> **ASSIGNMENT**: Output, verbatim and without pictures, the lines from the first line of the listing through the line containing "빨강, 베이지, 올리브".

── SOURCE MATERIAL ──

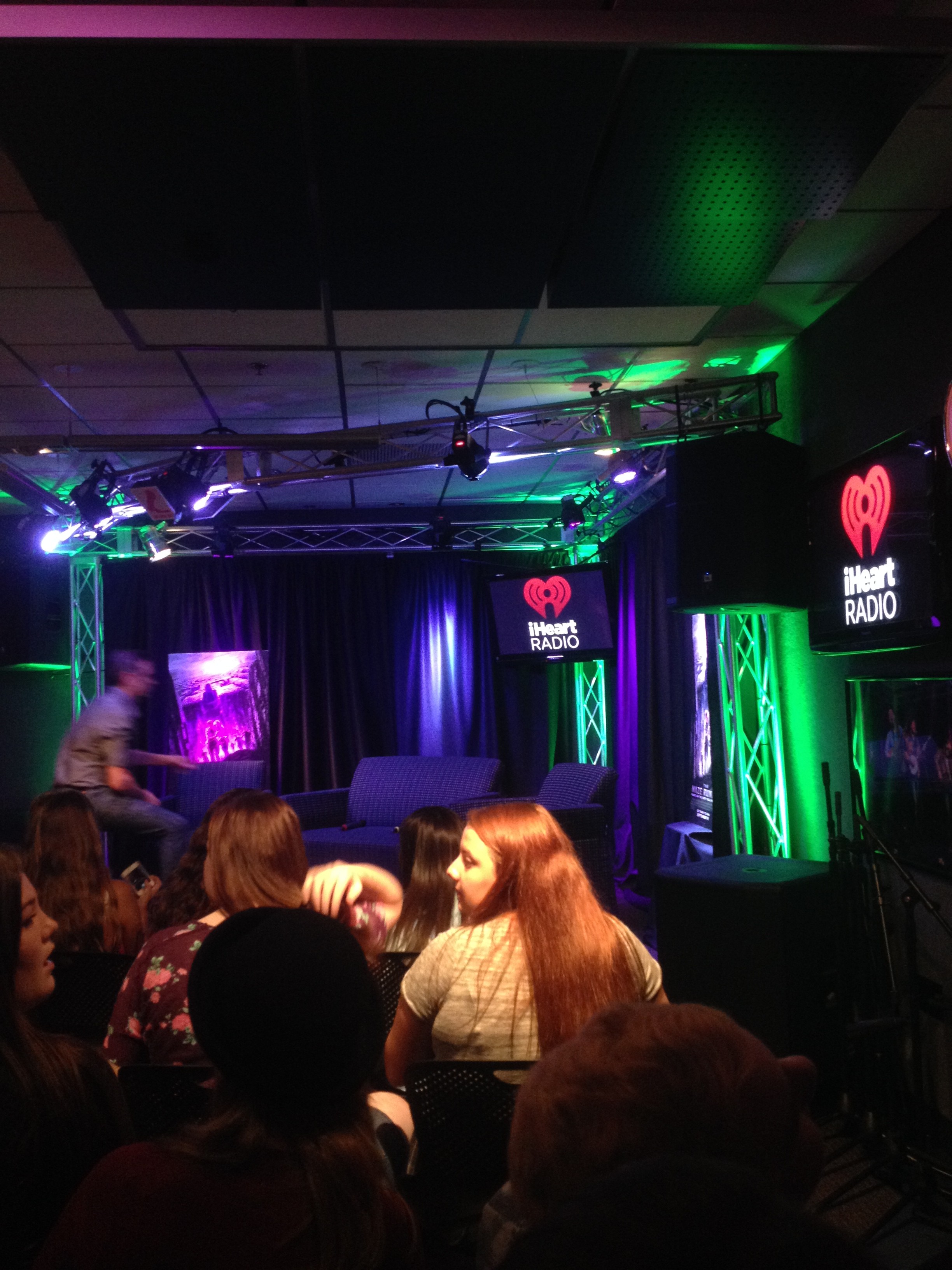 One-by-one we were called to confirm our identities, and then lined up to enter the room where they would actually be interviewed. The room was seriously gorgeous. There were green and purple lights everywhere, cameras, a green room, and a very small stage with four chairs. We sat in the very back, but our view was still decent.
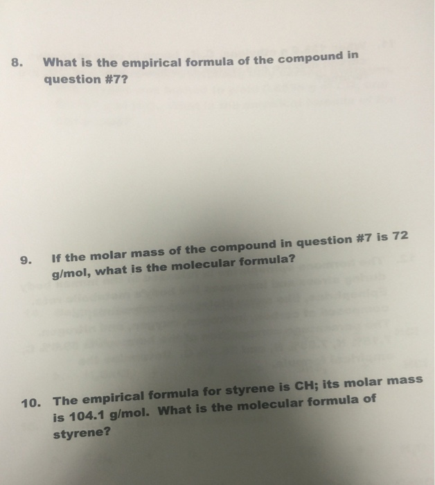 Solved 8. What I S The Empirical Formula Of The Compound from www.chegg.com
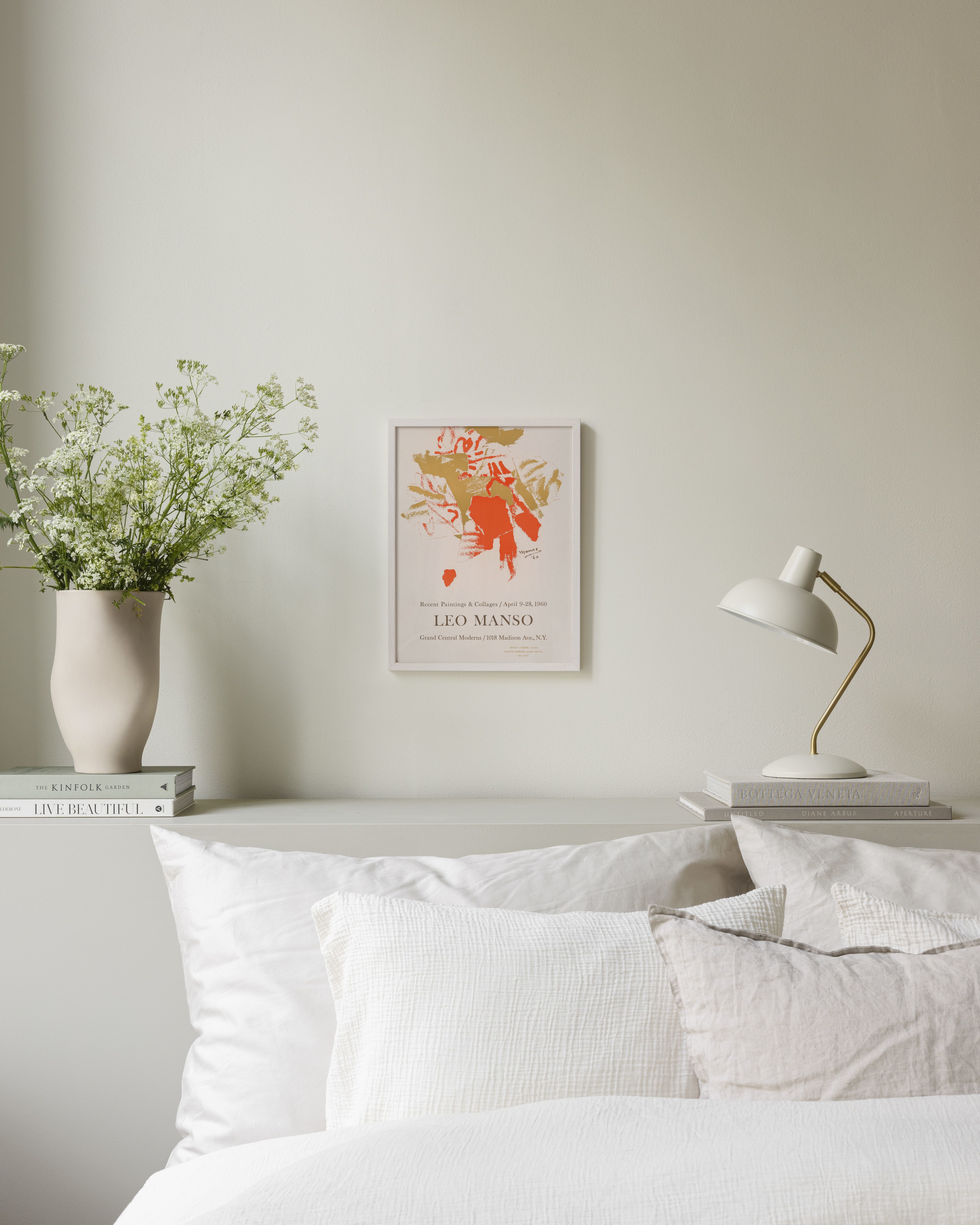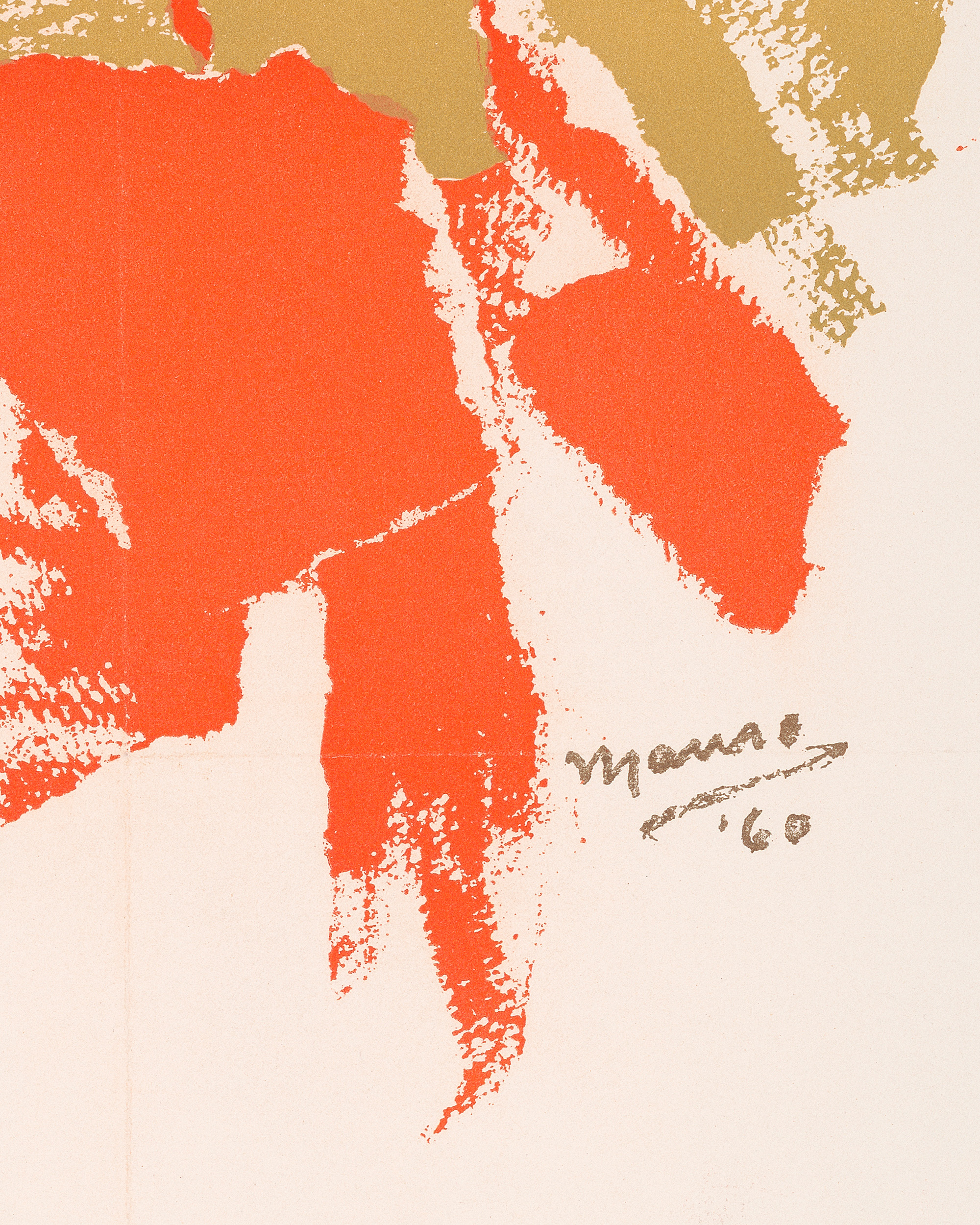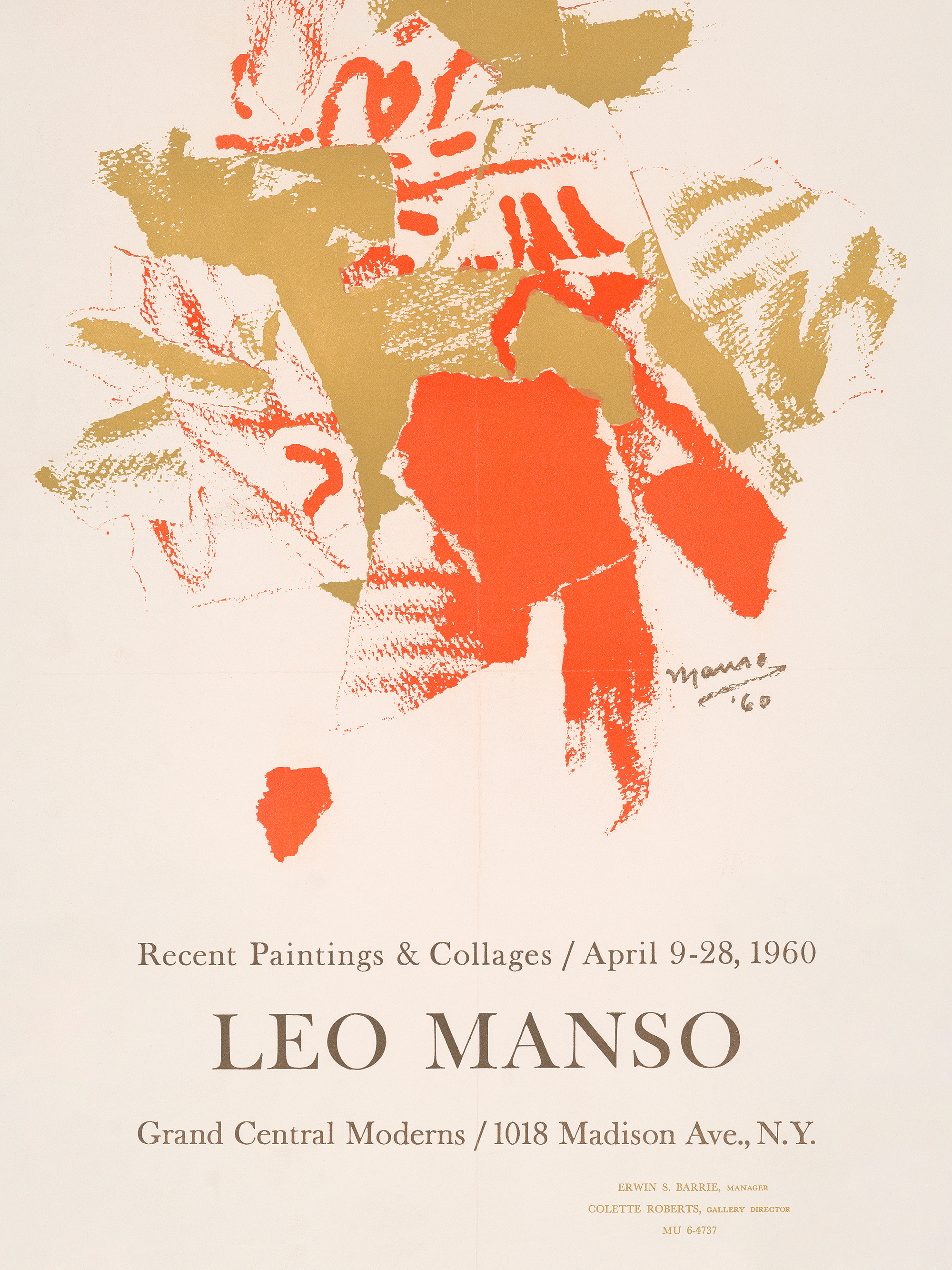 빨강, 베이지, 올리브 그린의 추상적인 형태를 담은 빈티지 스타일의 포스터입니다. 1960년 Leo Manso의 미술 전시회에 대한 텍스트를 담아 레트로 갤러리 느낌을 줍니다.
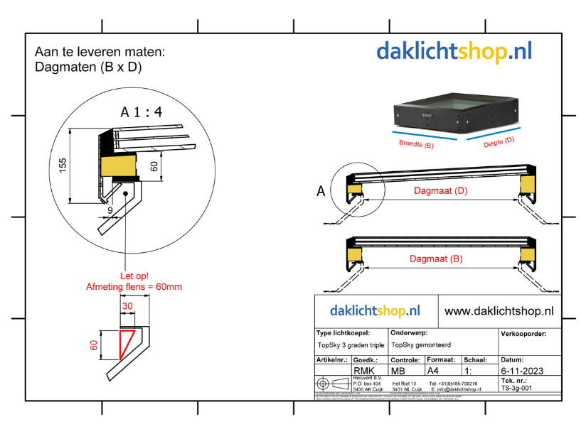 Let op: de eenvoudige plaatsing veronderstelt wel dat de huidige situatie geschikt is voor de TopSky en dat de juiste (dag)maat is besteld. Logisch, want het is een renovatie oplossing. Oftwel: je gaat iets nieuws (TopSky) op iets bestaands (huidige opstand) plaatsen. Lees daarom eerst het blokje: "controleer de bestaande opstand".

───

> **YOUR SOLUTION**:
 One-by-one we were called to confirm our identities, and then lined up to enter the room where they would actually be interviewed. The room was seriously gorgeous. There were green and purple lights everywhere, cameras, a green room, and a very small stage with four chairs. We sat in the very back, but our view was still decent.
 Solved 8. What I S The Empirical Formula Of The Compound from www.chegg.com
 빨강, 베이지, 올리브 그린의 추상적인 형태를 담은 빈티지 스타일의 포스터입니다. 1960년 Leo Manso의 미술 전시회에 대한 텍스트를 담아 레트로 갤러리 느낌을 줍니다.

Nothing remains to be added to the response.